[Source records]
◆ ◆ ◆
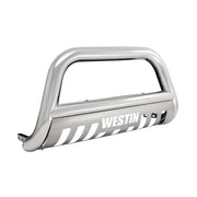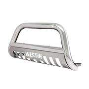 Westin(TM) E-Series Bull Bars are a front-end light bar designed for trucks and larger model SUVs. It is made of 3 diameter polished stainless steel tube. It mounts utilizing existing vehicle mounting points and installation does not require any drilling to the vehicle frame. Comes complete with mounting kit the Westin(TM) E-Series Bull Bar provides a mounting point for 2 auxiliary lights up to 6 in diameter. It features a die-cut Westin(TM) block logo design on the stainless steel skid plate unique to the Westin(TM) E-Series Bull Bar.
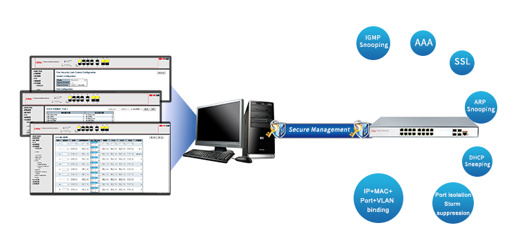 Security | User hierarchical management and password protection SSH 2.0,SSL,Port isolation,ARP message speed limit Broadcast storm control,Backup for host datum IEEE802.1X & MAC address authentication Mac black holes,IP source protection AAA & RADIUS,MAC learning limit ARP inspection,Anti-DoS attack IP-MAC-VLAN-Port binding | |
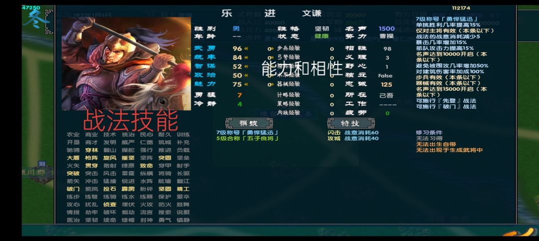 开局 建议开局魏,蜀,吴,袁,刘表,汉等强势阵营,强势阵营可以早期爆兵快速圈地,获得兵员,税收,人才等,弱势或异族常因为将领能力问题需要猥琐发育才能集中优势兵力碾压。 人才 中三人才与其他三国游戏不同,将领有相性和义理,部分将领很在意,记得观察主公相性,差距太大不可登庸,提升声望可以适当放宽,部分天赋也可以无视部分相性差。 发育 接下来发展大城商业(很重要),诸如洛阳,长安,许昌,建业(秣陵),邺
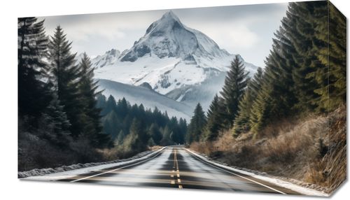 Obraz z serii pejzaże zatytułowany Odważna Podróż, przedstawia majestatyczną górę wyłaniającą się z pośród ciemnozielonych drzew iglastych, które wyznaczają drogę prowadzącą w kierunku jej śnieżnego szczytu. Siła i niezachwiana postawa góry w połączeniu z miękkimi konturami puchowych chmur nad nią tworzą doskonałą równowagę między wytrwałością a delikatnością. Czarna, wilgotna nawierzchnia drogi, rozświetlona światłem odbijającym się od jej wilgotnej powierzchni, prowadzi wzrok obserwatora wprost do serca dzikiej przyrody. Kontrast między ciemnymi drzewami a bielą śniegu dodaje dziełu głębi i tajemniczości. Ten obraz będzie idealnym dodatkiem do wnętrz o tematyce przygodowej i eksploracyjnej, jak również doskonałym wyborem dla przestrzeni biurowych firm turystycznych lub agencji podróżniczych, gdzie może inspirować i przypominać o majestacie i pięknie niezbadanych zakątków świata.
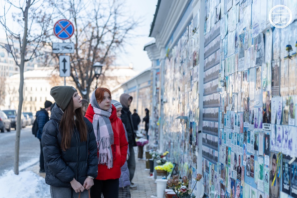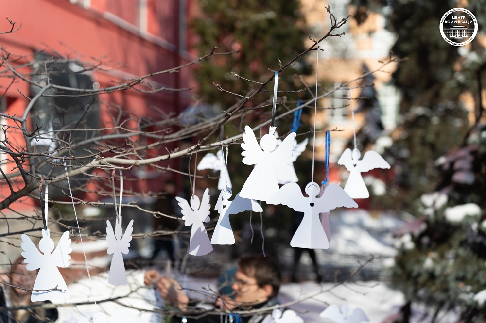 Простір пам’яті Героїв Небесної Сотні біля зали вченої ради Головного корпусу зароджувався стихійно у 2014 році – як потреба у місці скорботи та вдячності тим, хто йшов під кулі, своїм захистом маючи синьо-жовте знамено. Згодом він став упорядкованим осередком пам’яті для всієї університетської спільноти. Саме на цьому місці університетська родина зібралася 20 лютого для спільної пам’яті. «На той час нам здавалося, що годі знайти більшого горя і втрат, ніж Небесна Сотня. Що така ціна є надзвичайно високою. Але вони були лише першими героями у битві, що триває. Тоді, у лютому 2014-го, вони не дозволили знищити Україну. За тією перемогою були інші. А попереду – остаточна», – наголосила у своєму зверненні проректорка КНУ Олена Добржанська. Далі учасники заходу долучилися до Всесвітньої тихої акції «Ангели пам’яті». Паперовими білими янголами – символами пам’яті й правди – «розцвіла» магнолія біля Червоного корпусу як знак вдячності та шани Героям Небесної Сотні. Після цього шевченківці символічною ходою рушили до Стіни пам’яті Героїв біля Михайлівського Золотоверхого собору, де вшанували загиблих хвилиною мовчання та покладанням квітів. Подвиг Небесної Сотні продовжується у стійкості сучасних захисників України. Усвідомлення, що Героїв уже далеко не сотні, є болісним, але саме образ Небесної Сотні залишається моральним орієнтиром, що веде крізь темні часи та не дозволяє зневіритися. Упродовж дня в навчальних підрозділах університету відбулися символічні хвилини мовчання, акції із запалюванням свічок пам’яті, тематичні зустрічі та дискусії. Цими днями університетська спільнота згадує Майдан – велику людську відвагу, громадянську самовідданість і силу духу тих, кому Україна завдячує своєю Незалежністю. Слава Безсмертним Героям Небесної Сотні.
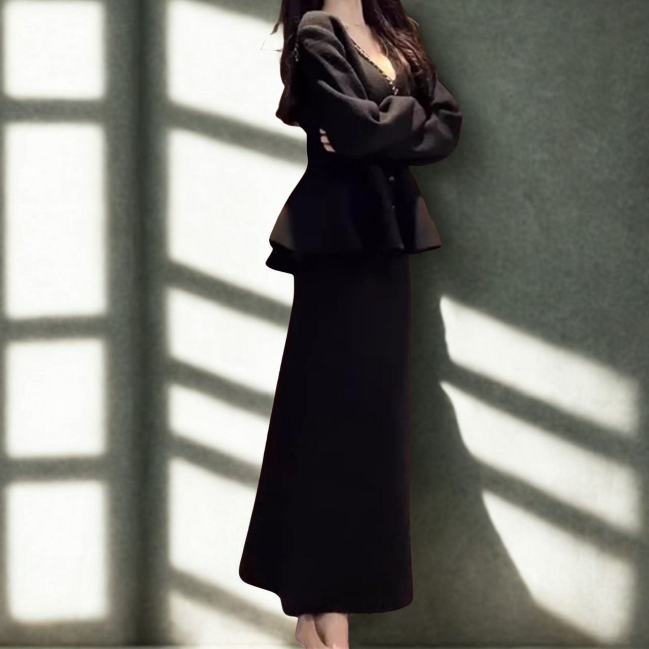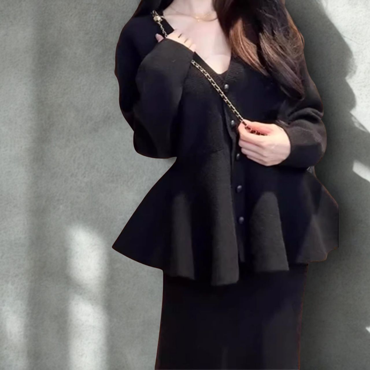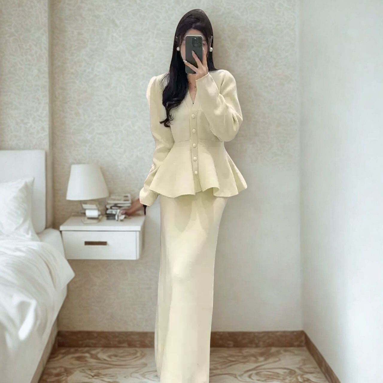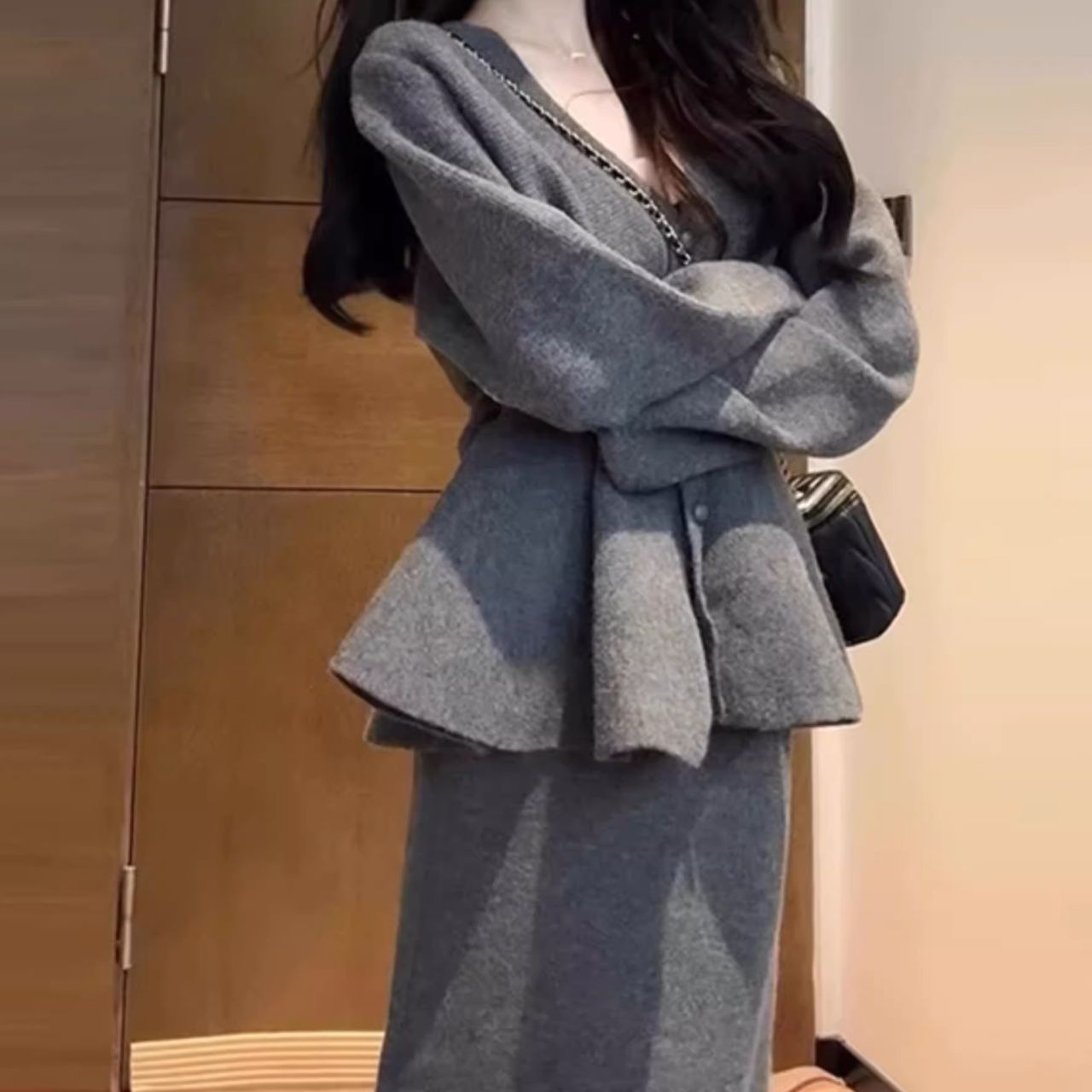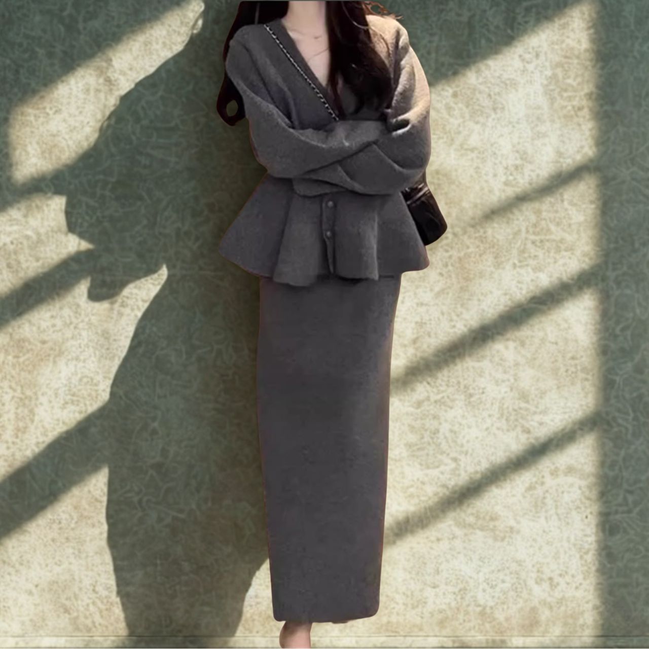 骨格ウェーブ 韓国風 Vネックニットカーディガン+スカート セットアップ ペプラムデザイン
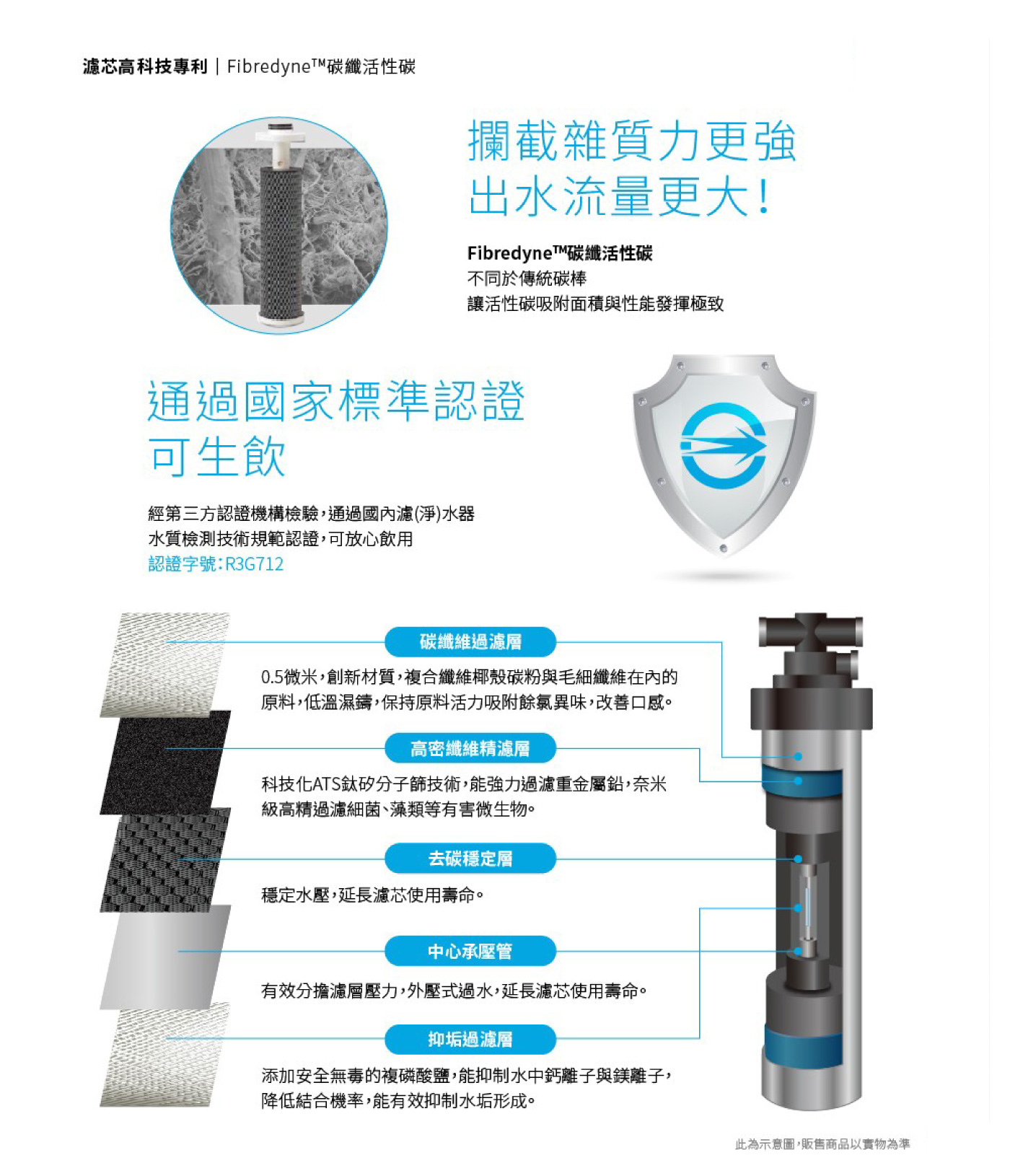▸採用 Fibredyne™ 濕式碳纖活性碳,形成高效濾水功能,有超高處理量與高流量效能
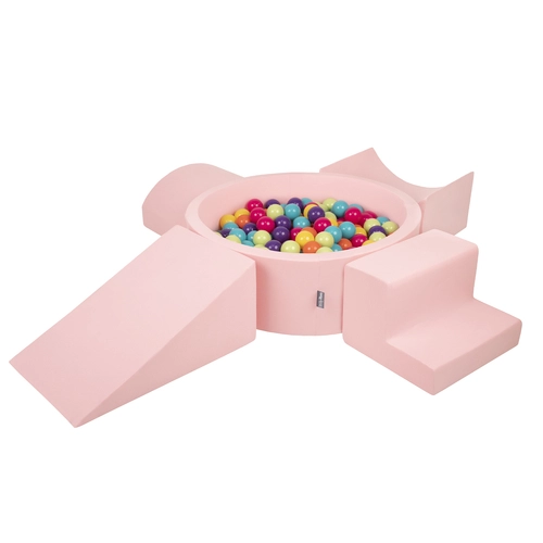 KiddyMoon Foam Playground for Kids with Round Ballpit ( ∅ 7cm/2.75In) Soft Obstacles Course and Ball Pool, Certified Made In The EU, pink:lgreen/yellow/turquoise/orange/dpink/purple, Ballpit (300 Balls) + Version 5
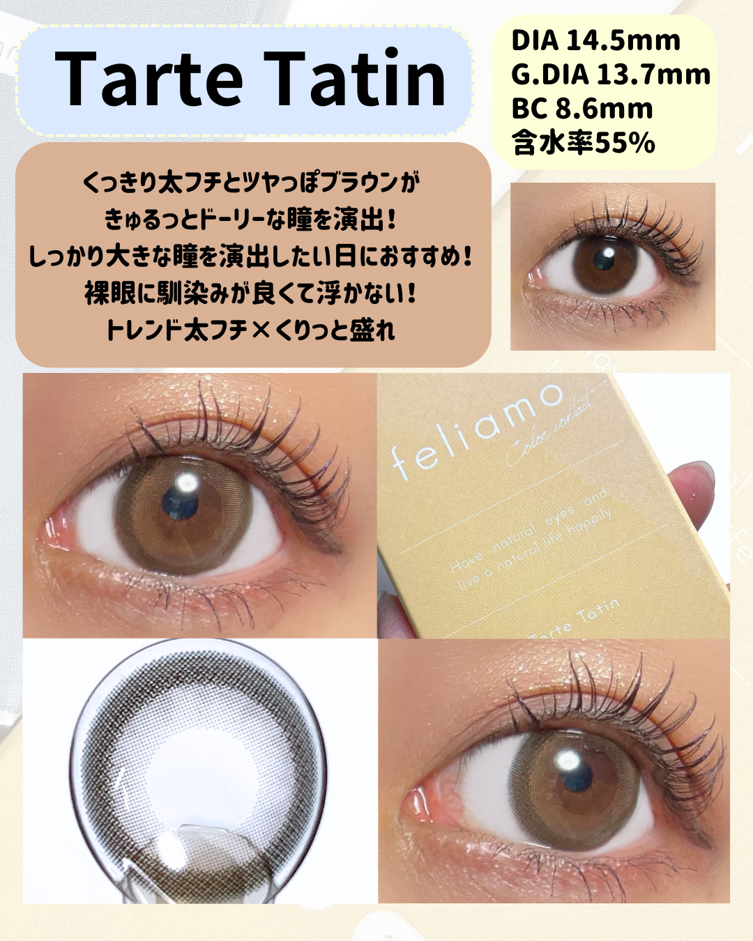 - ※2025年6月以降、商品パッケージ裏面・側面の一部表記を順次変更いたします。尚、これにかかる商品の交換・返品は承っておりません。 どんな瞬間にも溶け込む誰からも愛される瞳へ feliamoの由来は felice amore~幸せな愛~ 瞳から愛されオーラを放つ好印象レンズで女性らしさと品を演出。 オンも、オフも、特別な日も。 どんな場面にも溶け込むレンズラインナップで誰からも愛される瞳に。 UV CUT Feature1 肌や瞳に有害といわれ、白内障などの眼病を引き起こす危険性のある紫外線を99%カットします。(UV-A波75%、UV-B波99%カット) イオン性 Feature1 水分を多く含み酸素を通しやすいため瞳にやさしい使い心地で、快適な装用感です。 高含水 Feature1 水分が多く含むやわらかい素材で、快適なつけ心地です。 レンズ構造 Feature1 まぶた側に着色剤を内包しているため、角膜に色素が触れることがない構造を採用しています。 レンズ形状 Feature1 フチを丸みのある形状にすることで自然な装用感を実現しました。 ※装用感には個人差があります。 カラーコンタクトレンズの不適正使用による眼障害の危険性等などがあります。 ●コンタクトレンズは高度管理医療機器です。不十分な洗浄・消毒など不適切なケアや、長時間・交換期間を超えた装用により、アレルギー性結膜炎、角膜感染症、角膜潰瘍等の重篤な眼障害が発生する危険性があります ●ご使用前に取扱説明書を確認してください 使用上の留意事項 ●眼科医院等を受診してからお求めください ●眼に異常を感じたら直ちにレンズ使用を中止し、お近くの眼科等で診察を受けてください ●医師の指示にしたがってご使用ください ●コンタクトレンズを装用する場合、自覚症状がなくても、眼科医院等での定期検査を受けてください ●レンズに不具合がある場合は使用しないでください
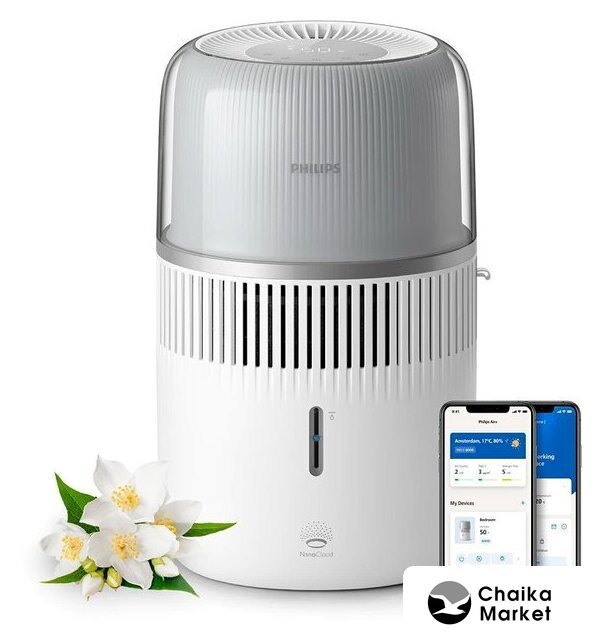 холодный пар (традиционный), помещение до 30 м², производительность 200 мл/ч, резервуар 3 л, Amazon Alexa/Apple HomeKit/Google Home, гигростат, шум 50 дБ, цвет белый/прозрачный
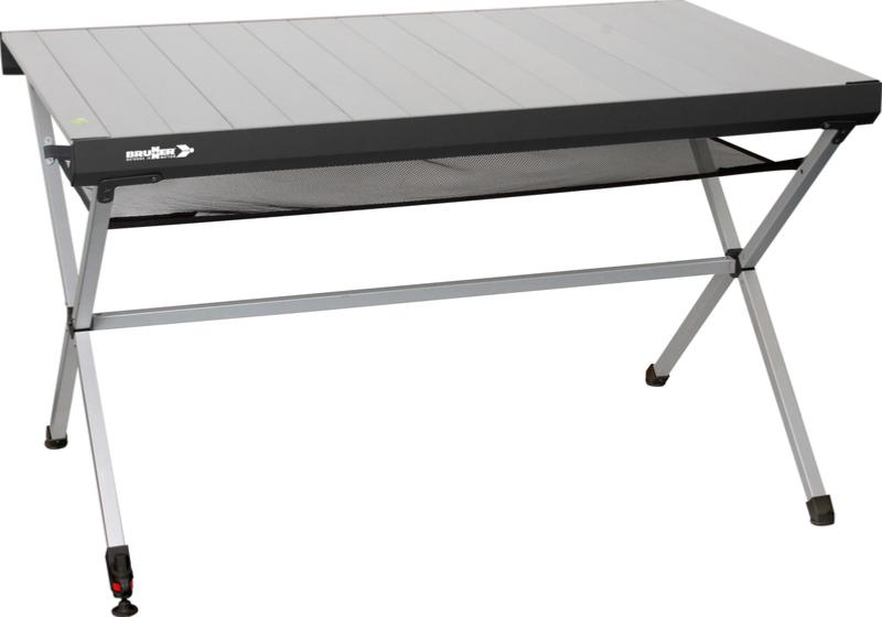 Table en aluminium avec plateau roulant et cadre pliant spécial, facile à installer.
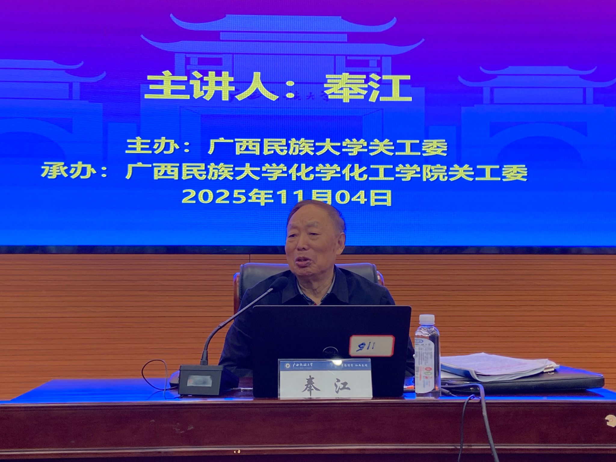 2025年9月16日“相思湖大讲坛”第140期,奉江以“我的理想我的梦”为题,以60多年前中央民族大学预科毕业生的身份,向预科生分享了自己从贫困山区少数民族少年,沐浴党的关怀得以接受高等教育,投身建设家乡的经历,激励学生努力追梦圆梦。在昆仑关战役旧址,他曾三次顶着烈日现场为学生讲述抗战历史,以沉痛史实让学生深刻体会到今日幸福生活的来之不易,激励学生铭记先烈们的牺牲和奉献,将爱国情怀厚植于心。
◆ ◆ ◆
_What you should do_
At the line containing "骨格ウェーブ 韓国風 Vネックニットカーディガン+スカート", begin reproducing the entries word for word, and continue through their last line. Leave out the pictures.

_Result_
 骨格ウェーブ 韓国風 Vネックニットカーディガン+スカート セットアップ ペプラムデザイン
▸採用 Fibredyne™ 濕式碳纖活性碳,形成高效濾水功能,有超高處理量與高流量效能
 KiddyMoon Foam Playground for Kids with Round Ballpit ( ∅ 7cm/2.75In) Soft Obstacles Course and Ball Pool, Certified Made In The EU, pink:lgreen/yellow/turquoise/orange/dpink/purple, Ballpit (300 Balls) + Version 5
 - ※2025年6月以降、商品パッケージ裏面・側面の一部表記を順次変更いたします。尚、これにかかる商品の交換・返品は承っておりません。 どんな瞬間にも溶け込む誰からも愛される瞳へ feliamoの由来は felice amore~幸せな愛~ 瞳から愛されオーラを放つ好印象レンズで女性らしさと品を演出。 オンも、オフも、特別な日も。 どんな場面にも溶け込むレンズラインナップで誰からも愛される瞳に。 UV CUT Feature1 肌や瞳に有害といわれ、白内障などの眼病を引き起こす危険性のある紫外線を99%カットします。(UV-A波75%、UV-B波99%カット) イオン性 Feature1 水分を多く含み酸素を通しやすいため瞳にやさしい使い心地で、快適な装用感です。 高含水 Feature1 水分が多く含むやわらかい素材で、快適なつけ心地です。 レンズ構造 Feature1 まぶた側に着色剤を内包しているため、角膜に色素が触れることがない構造を採用しています。 レンズ形状 Feature1 フチを丸みのある形状にすることで自然な装用感を実現しました。 ※装用感には個人差があります。 カラーコンタクトレンズの不適正使用による眼障害の危険性等などがあります。 ●コンタクトレンズは高度管理医療機器です。不十分な洗浄・消毒など不適切なケアや、長時間・交換期間を超えた装用により、アレルギー性結膜炎、角膜感染症、角膜潰瘍等の重篤な眼障害が発生する危険性があります ●ご使用前に取扱説明書を確認してください 使用上の留意事項 ●眼科医院等を受診してからお求めください ●眼に異常を感じたら直ちにレンズ使用を中止し、お近くの眼科等で診察を受けてください ●医師の指示にしたがってご使用ください ●コンタクトレンズを装用する場合、自覚症状がなくても、眼科医院等での定期検査を受けてください ●レンズに不具合がある場合は使用しないでください
 холодный пар (традиционный), помещение до 30 м², производительность 200 мл/ч, резервуар 3 л, Amazon Alexa/Apple HomeKit/Google Home, гигростат, шум 50 дБ, цвет белый/прозрачный
 Table en aluminium avec plateau roulant et cadre pliant spécial, facile à installer.
 2025年9月16日“相思湖大讲坛”第140期,奉江以“我的理想我的梦”为题,以60多年前中央民族大学预科毕业生的身份,向预科生分享了自己从贫困山区少数民族少年,沐浴党的关怀得以接受高等教育,投身建设家乡的经历,激励学生努力追梦圆梦。在昆仑关战役旧址,他曾三次顶着烈日现场为学生讲述抗战历史,以沉痛史实让学生深刻体会到今日幸福生活的来之不易,激励学生铭记先烈们的牺牲和奉献,将爱国情怀厚植于心。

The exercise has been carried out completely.